Et puis, une autre chose que je vais faire la semaine prochaine, c’est me rendre à un symposium international sur la taille du silex, ce qui est très excitant. Il va se dérouler en Dordogne, en France, sur un site historique très important, en fait. Je m’y rends donc non seulement pour le plaisir et pour voir de superbes peintures rupestres, mais aussi pour enregistrer beaucoup plus de vidéos, si possible sur des techniques plus complexes du Paléolithique supérieur. Et en plus, je souhaite y recruter des participants pour mon étude.

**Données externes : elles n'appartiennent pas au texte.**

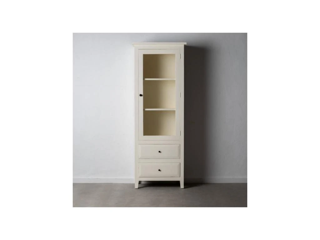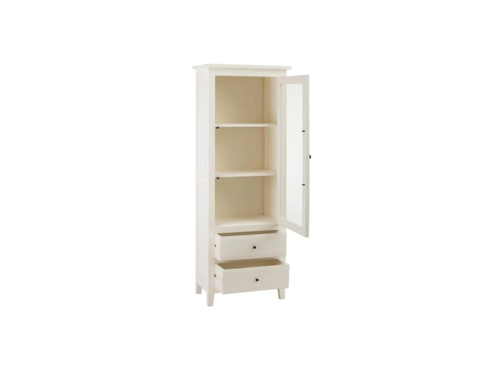 Mise en teinte lumineuse et design intemporel garantissent à cette vitrine 1 porte 2 tiroirs de pouvoir prendre place dans une maison déco ambiance bord de mer.
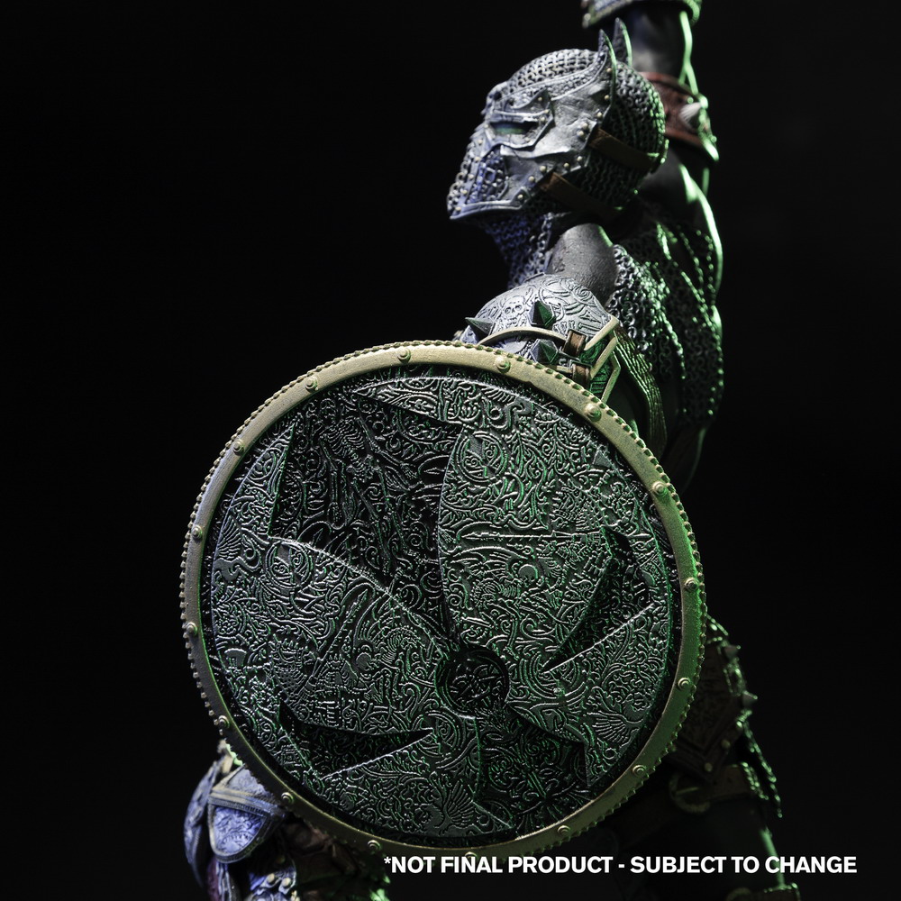 Standing over 17 inches tall, the statue showcases Medieval Spawn in full glory after his triumph over The Violator. Each etched illustration on his armor references not only past issues of the Spawn comic book but gives a historical nod to the inaugural Spawn toy line from McFarlane Toys in 1994.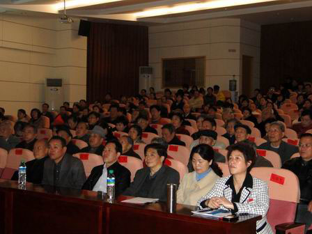 刘教授以《阴阳和谐、健康长寿》为题,围绕危害人类生命的主要杀手、疾病谱的变化原因、阴阳理论的基本特点和阴阳理论的中医养生模式等四个方面的内容,通过大量的实例,对身体健康、疾病防治、医疗保健等进行了图文并茂的讲解。刘教授的精彩演讲不时赢得大家的阵阵掌声。 到场的教职工认真听讲,仔细做笔记,还就心中的困惑现场与刘教授进行互动交流。
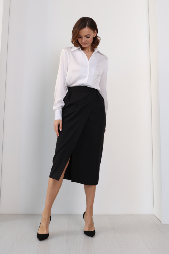 Юбка-карандаш со шлицей. Изделие выполнено на подкладке. Потайная молния в среднем шве спинки.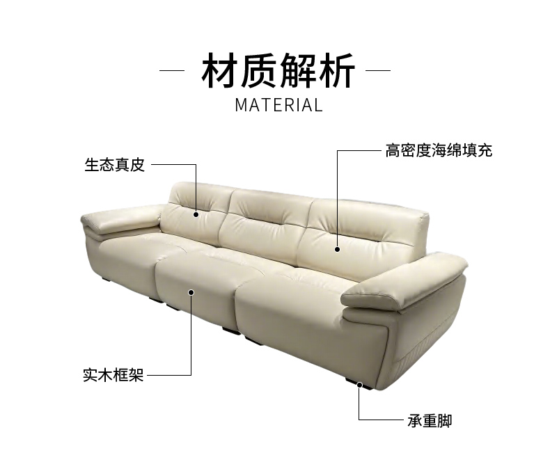 千匠一品 现代风格 生态真皮+高密度海绵+实木框架 时尚大气沙发9253-J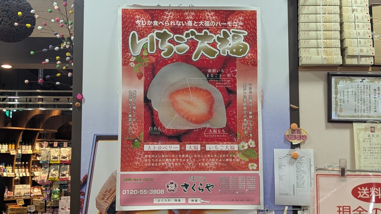 東広島市で長年親しまれている老舗和菓子店「お菓子の蔵さくらや」では、季節限定のいちご大福やバレンタイン向けの特別商品が注目を集めています。ゆめタウン東広島店にいってきたのでご紹介します。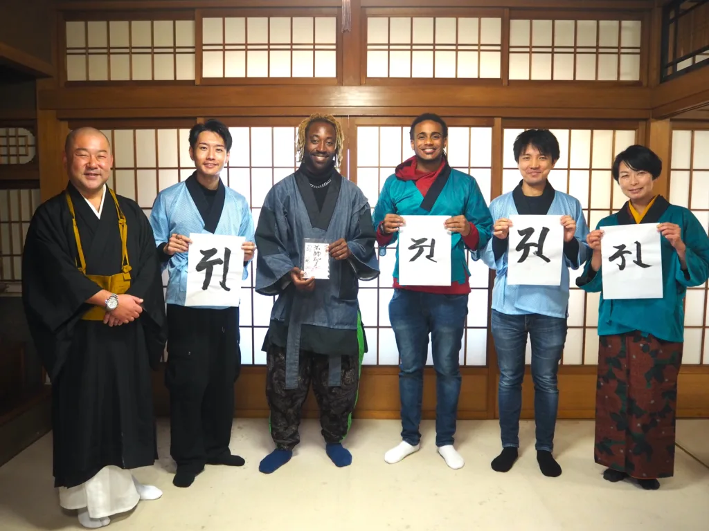 ガイドは在日アメリカ人のゼイン・フレッチャー・ジョンソンさんが担当。本堂で住職によるお参りからはじまり、「阿字観(あじかん)」といわれる瞑想法や習字、抹茶体験など盛りだくさんの内容となった。阿字観は、大日如来を表すサンスクリット語「ア」の文字を心の中と発声で唱える瞑想のことをいう。日本人でも日常で味わうことのない体験に、参加者からは「心が清められるような感覚がある」と好評だった。
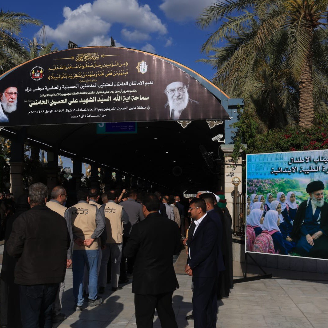 بمشاركة قسم الشؤون الدينية أقامت الأمانتان العامّتان للعتبتين المقدّستين الحسينية والعبّاسية مجلسًا تأبينيًّا بمرور أربعين يومًا على شهادة سماحة آية الله السيد علي الخامنئي (رضوان الله عليه).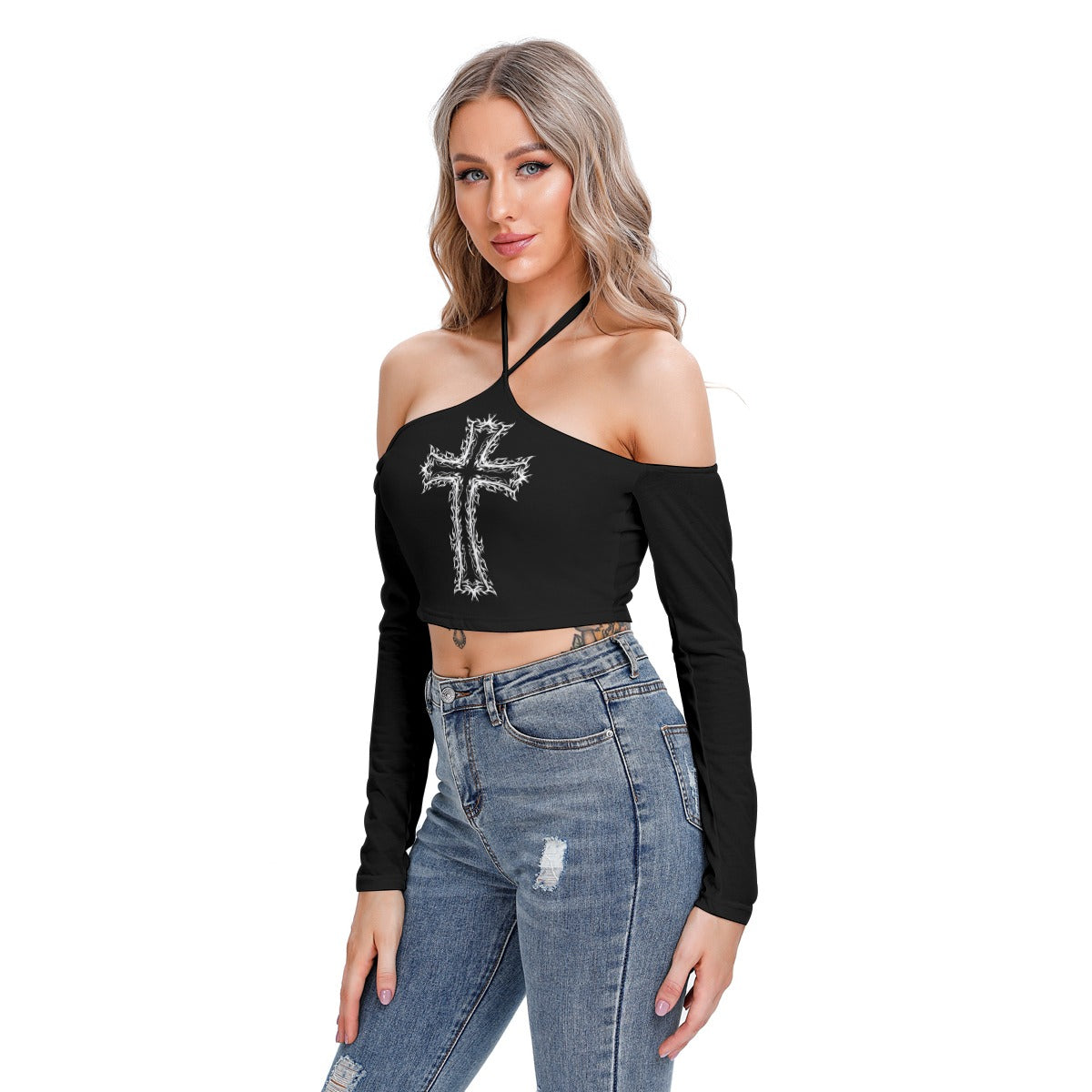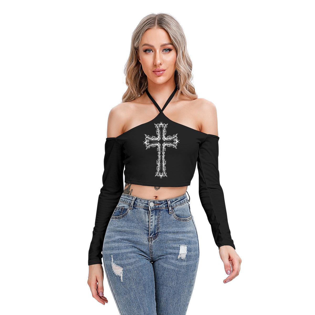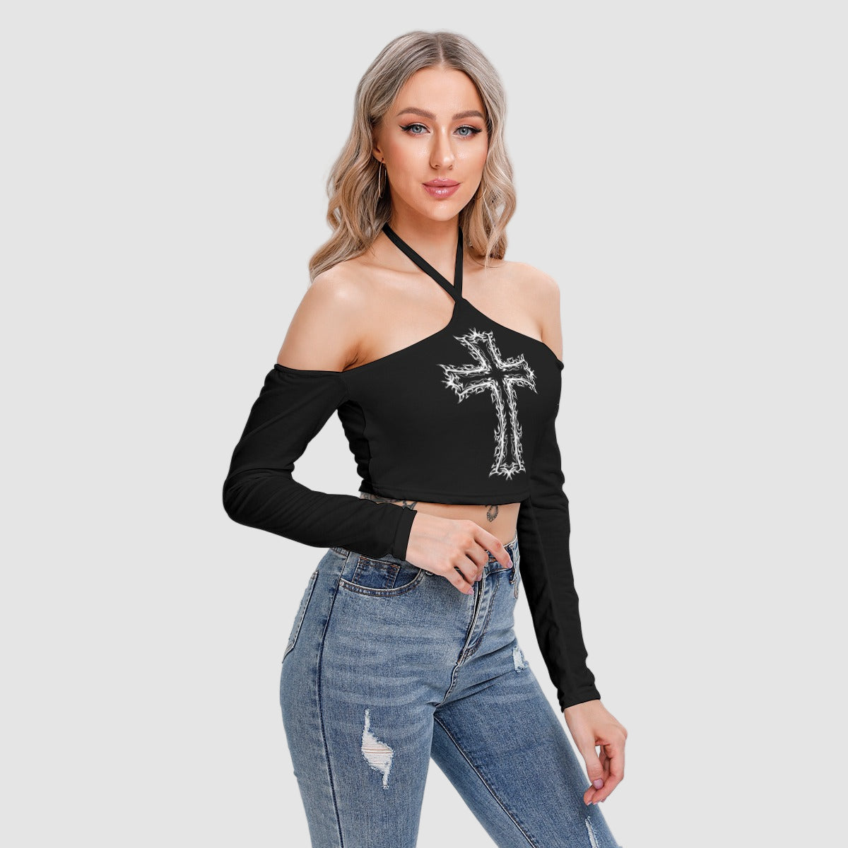 - Ilgos rankovės, surišimas už kaklo, atviri pečiai, priekinė dalis su pamušalu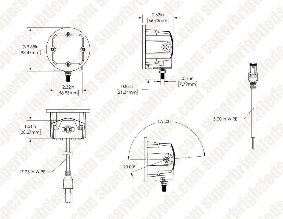 - Aluminum housing and polycarbonate lens

Célia : Oui, j’espère que tu pourras trouver des personnes interessées par ton projet, j’en suis certaine. Et sinon, tu pourras le faire toi-même, maintenant que tu es une tailleuse de silex, une bébé tailleuse de silex.
Jovana : Je pense que je peux seulement recréer ceux du bas Paléolithique à peu près, mais au dessus de ça, je ne suis pas…
Célia : Dans un style non-humain.
Jovana : Je peux le faire comme Kanzi environ. Juste taper les caillous ensemble, avoir quelques éclats.
Célia : Merci beaucoup d’avoir été là Jovana. C’était très sympa de t’écouter parler de ta recherche. On a hate d’en entendre plus dans le future.
Jovana : Merci de m’avoir reçu. C’était très cool, et j’ai apprécié parlé avec toi. Et oui, j’espère que je pourrait rediscuter plus dans quelques années lorsqu’il y aura plus de choses à montrer. Merci encore ! Au revoir.